• **How to complete this task**
Print the whole listing below exactly as given, pictures excluded.

• **Raw data**
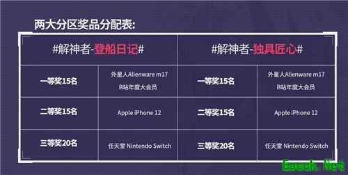 #感恩有你# 视频征集活动的百万奖励包括一等奖30台外星人笔记本,二等奖30台新出的Apple iPhone12,三等奖40台任天堂Nintendo Switch。三大奖品均平分到#解神者-登船日记# #解神者-独具匠心#两大分区。干货满满的游戏攻略、咨兽主搭配建议,又或者是展现个人创作能力的MMD、手书等内容,都可选择对应分区参与活动。 单看着奖品数量及质量可以说比一般的活动奖品都给力,毕竟往常游戏圈的惯用手法是“奖金不够道具来凑”,像这种全是实物奖励真的很实诚了,懂的都懂。
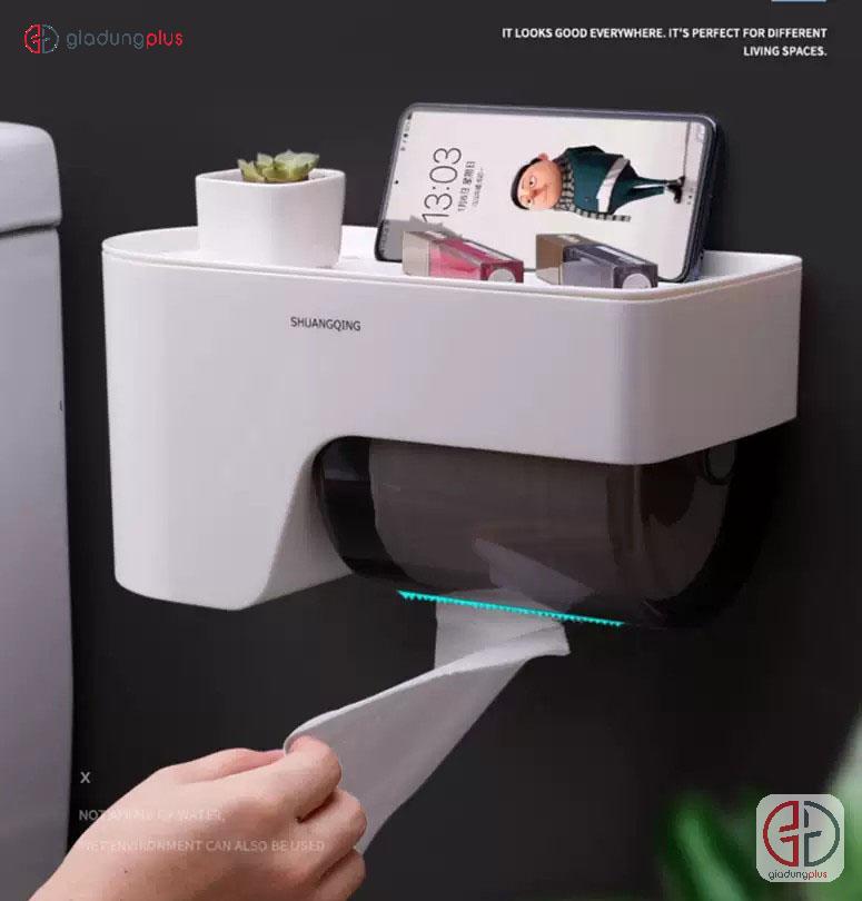 Hộp đựng giấy vệ sinh cuộn lớn ShuangQuing dược dán tường chắc chắn
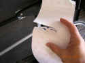 This is where you will spend most of your time--removing the soap solution you just sprayed on. It takes a long, long time. The benefit of the soap solution is that it keeps the film from "grabbing" and sticking immediately, allowing you to move the film around. On the negative side, the soap-slicked film moves around a lot. The piece on our top tube shifted around quite a bit--by the time we got all the soap out, it was out of alignment, but we figured only we would know, so we left it. As a test, we applied several smaller pieces to our bike's chainstays without the soap film, and got very good results.

• **Final answer**
 #感恩有你# 视频征集活动的百万奖励包括一等奖30台外星人笔记本,二等奖30台新出的Apple iPhone12,三等奖40台任天堂Nintendo Switch。三大奖品均平分到#解神者-登船日记# #解神者-独具匠心#两大分区。干货满满的游戏攻略、咨兽主搭配建议,又或者是展现个人创作能力的MMD、手书等内容,都可选择对应分区参与活动。 单看着奖品数量及质量可以说比一般的活动奖品都给力,毕竟往常游戏圈的惯用手法是“奖金不够道具来凑”,像这种全是实物奖励真的很实诚了,懂的都懂。
 Hộp đựng giấy vệ sinh cuộn lớn ShuangQuing dược dán tường chắc chắn
 This is where you will spend most of your time--removing the soap solution you just sprayed on. It takes a long, long time. The benefit of the soap solution is that it keeps the film from "grabbing" and sticking immediately, allowing you to move the film around. On the negative side, the soap-slicked film moves around a lot. The piece on our top tube shifted around quite a bit--by the time we got all the soap out, it was out of alignment, but we figured only we would know, so we left it. As a test, we applied several smaller pieces to our bike's chainstays without the soap film, and got very good results.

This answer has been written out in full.